Can be implemented with any vector database (Chroma, FAISS, LanceDB, or even a simple embedding cache).  
Stored in: `memory/vectors/` or external vector store.

This enables semantic search alongside traditional metadata filtering. If no vector capability is available, fall back to keyword + metadata search.

**Conflict Ledger**  
Detected contradictions are logged in:  
`memory/conflicts/`

## Context Schema (Metadata)

Every memory entry should include:

- **When**: Timestamp + recency weight
- **Where**: Channel/context (Telegram, CLI, web, Discord, etc.)
- **Why**: Trigger or reason it was recorded
- **State**: `active` | `stale` | `superseded` | `resolved`
- **Scope**: `global` | `project` | `person` | `temporary`
- **Validity**: 
  - `confidence`: high / medium / low
  - `last_verified`: date
  - `expires`: optional date
- **Related**: Links to other memories, people, or projects
- **Source**: Path + line number or reference (for traceability)

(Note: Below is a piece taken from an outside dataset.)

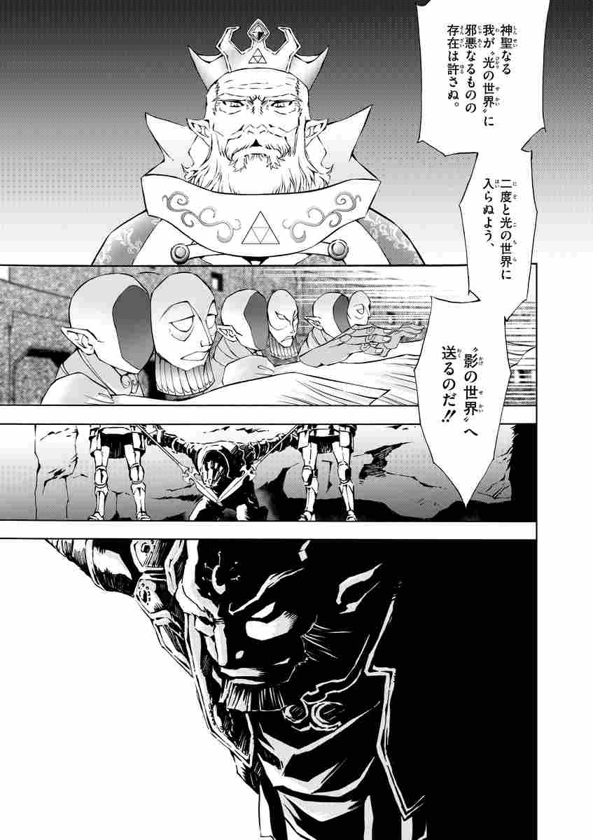 神々の力が眠る王国ハイラルを我が物にすべく、ゼルダ姫を襲った影の王・ザント。それ以来、ハイラル王国を黄昏の黒雲が覆い、人々は魂を奪われ、さまようことに。そんなトワイライトの領域で狼になったリンクの前に現れたミドナとともに、光の世界を取り戻す旅に出たウルフリンクが、この巻でいよいよ緑衣をまとった勇者に変身。
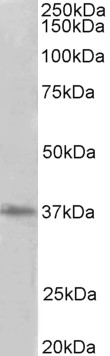| Western Blot | Approx 37kDa band observed in lysates of cell line HeLa and in rodent Brain lysates (calculated MW of 37.2kDa according to NP_001229793.1). Approx 35kDa band observed in Pig Brain lysates (calculated MW of 38.7kDa according to XP_005658963. |

## Auto-Promotion Heuristics

The agent should evaluate daily memory entries for promotion using the following weighted signals:

**Strong signals (high weight):**
- Explicitly referenced by the user in later conversations
- Repeated across 3+ days or sessions
- Tied to a core project, goal, or person
- User corrects or reinforces the memory

**Supporting signals (medium weight):**
- High confidence rating
- Clear future utility
- Related to an active decision or preference

**Promotion Rules:**
- If 2+ strong signals → Propose promotion
- If 1 strong + 2 supporting signals → Propose promotion
- If only supporting signals → Log for weekly review only

**User Control:**
- Default behavior: Always propose before promoting
- Optional mode: `auto_promote = true` (for trusted, low-risk memories)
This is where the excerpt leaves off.